The null hypothesis h0 stipulating non-existent association between ‘reputation’ and its collocates proved true in a few cases with adjectives ‘best reputation’ (LL 7,23 < E11 9,73), ‘political reputation’ (LL 5,75 < E11 7,81), ‘big reputation’ (LL 5,49 < E11 13,15), ‘whole reputation’ (LL 3,49 < E11 6,52), ‘old reputation’ (LL 1,41 < E11 6,79), ‘new reputation’ (LL 0,60 < E11 27,98) as well as verbs – ‘monitor reputation’ (LL 0,75 < E11 1,76), ‘care * reputation’ (LL 0,82 < E11 12,77), ‘evaluate reputation’ (LL 0,86 < E11 1,99), ‘kill reputation’ (LL 7,46 < E11 17,18), ‘keep reputation’ (LL 15,1 < E11 35,03) and even ‘get reputation’ (LL 121,75 < E11 181,19). Despite relatively high frequency of co-occurrence in COCA, these collocations are rather occasional. On the one hand, weak association can be explained by semantics of some of the collocates, for example, reputation can not be broken into separate pieces. However, ‘whole reputation’ implies otherwise. Reputation can not be old or new because once established it can not be replaced with a new one despite the fact that reputation is metaphorically represented as a tangible valuable object. On the other hand, high expected frequency of such collocations can be explained by the fact that the collocates in question have a very high observed frequency in COCA on their own and “prefer” other nouns.

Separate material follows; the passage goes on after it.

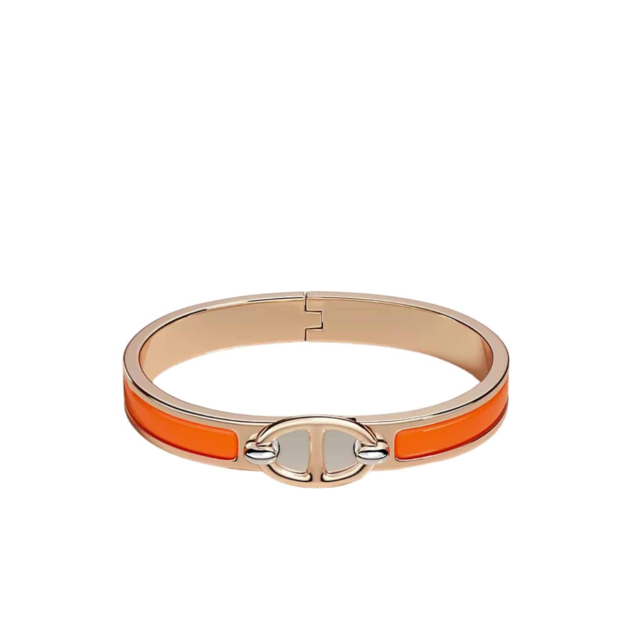 Hermes Mini Clic Anchor Chain Bracelet Rose Gold Tone With Orange

As reputation invokes emotion, adjective collocates of the lexeme are more likely to denote attitude and evaluation rather than the size of it – ‘excellent’, ‘good’, ‘bad’, ‘nasty’, ‘impeccable’. As is seen fron the chart, adjectives of evaluation, emotion and attitude have a stronger association with ‘reputation’. The strongest association can be observed in collostructions with adjectives that express evaluation (‘bad’, ‘good’, ‘solid’, ‘tarnished’, ‘stellar’), scope and environment (‘national’, ‘international’, ‘academic’, ‘online’), field of activities (‘professional’) and result (‘well-earned’, ‘deserved’). Adjective ‘high’ helps introduce metaphorical representation of a scale making it possible to measure reputation. As for the verbs most strongly associated with the lexeme ‘reputation’, it is worth mentioning that they denote actions that imply effort, time, hard work and bring positive results – ‘earn’, ‘build’, ‘develop’, ‘gain’ – while ‘ruin’ and ‘damage’ represent uncautious and careless actions with unwanted consequences. Thus, it can be assumed that being a fragile object, reputation requires active and constant efforts to make it solid and caution so as not to damage it.

  1. Discussion

The results of the current research justify the statement made by Golovanivskaya about abstract notions striving to become concrete by acquiring features of tangible objects through material connotation which forms secondary and eclectic concrete image attached to these abstract notions. This is exemplified by collostructions with adjectives of condition (‘tarnished’, ‘tattered’, ‘battered’), appearance (‘spotless’, ‘glowing’) as well as adjectives of pattern and texture (‘checkered’, ‘fraying’) where reputation is metaphorically represented as a piece of fabric or as a valuable object made of precious metal. These metaphorical representations might explain why ‘reputation’ collocates with adjectives of firmness and durability such as ‘strong’ and ‘solid’. Additionally, the adjectives of appearance – ‘glowing’ and ‘tarnished’ – indicate that reputation is metaphorically related to visibility (Anderson & Shirako 2008: 320). Meanwhile, verbs ‘build’, ‘cement’, ‘destroy’, ‘rebuild’, ‘repair’ activate metaphorical representation ‘reputation as a building’ and verbs ‘tarnish’, ‘forge’, ‘burnish’ help reperesent reputation as an object made of precious metal. Moreover, the verb ‘salvage’ indicates that reputation is of utmost importance. This substantiates the idea expressed in (Sarif et al. 2020: 54) who claim that metaphor serves as an essential component of human thinking that conceptualizes sociocultural and historical experience of a society in the form of behavior.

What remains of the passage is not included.